Information supplied:

══════════════════════════════

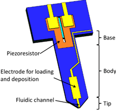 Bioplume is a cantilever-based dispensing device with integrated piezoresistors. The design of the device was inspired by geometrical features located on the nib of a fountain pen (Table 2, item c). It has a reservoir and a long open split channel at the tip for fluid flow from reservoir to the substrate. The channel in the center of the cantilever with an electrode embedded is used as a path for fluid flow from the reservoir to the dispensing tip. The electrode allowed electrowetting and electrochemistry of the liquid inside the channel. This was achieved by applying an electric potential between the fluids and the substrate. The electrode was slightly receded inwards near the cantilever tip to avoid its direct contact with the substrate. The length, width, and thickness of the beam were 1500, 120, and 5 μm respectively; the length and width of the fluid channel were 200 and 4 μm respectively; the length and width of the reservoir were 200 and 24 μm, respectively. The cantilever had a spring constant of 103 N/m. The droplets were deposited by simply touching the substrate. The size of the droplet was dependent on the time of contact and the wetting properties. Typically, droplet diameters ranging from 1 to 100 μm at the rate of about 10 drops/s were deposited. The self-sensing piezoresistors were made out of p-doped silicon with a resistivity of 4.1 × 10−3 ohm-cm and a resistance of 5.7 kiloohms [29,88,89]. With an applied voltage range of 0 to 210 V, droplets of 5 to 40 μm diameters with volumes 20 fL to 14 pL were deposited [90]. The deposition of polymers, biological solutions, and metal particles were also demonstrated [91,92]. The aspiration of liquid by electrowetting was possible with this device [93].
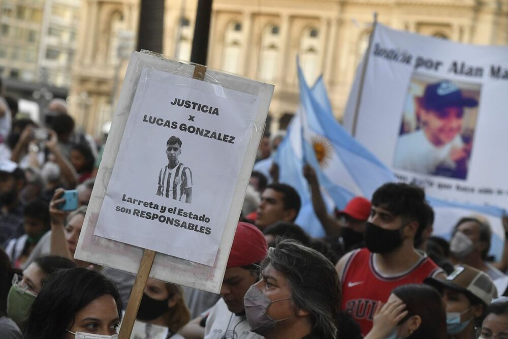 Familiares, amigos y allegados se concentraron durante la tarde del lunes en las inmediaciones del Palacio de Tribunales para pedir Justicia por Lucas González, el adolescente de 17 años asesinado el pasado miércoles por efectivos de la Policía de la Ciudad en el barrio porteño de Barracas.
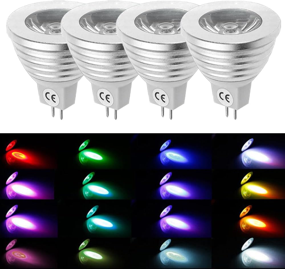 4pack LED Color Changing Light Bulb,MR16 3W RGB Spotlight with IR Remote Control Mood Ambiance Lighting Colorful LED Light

══════════════════════════════

The problem:
Nothing but the lines from the line with "Familiares, amigos y" through the last line of the listing should be copied, exactly and with both ends kept. Leave pictures out.

Solution below:
 Familiares, amigos y allegados se concentraron durante la tarde del lunes en las inmediaciones del Palacio de Tribunales para pedir Justicia por Lucas González, el adolescente de 17 años asesinado el pasado miércoles por efectivos de la Policía de la Ciudad en el barrio porteño de Barracas.
 4pack LED Color Changing Light Bulb,MR16 3W RGB Spotlight with IR Remote Control Mood Ambiance Lighting Colorful LED Light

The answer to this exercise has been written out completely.